As Facebook Heads To 300 Million Users, News Corp’s (NWS) MySpace Faces Trouble

May 22, 2009 by Douglas A. McIntyre

bearWhen Rupert Murdoch’s News Corp (NWS) bought MySpace for $580 million, Wall St. viewed it as a brilliant move. Murdoch got one of the fastest-growing properties on the Internet and it was on it way to becoming one of the largest.

Murdoch has had trouble making money on MySpace. Its revenue last year was pegged at under $1 billion. Google (GOOG) cut a deal to pay News Corp $900 million over three years to have exclusive rights to sell search ads on MySpace. The contract is not likely to be renewed due to the underperformance of the revenue from the social network.

MySpace is facing even more trouble as rival Facebook has passed 225 million users and is projected to have 300 million by later this year, according to AllFacebook. Most data from measurement services including comScore show that MySpace is barely growing at all.
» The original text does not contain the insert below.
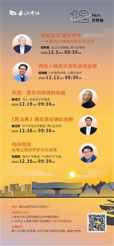 湖北日报讯 (记者王晶、通讯员刘虹)2020年的最后一个月,湖北省图书馆“长江讲坛”为读者准备了5场思想聚会。

Facebook’s expansion may be a Pyrrhic victory. Industry estimates are that the huge social network will bring in only $550 million in sales this year. For a site with over 225 million users that sum is extremely disappointing.

Marketers have still not discovered a way to make social networks an effective medium for most advertising. Users cannot easily be grouped in such a way to spark advertiser interest. Visitors to the sites do not go to content destinations like finance or entertainment the way that they do at portal sites like AOL (TWX), MSN (MSFT), of Yahoo! (YHOO).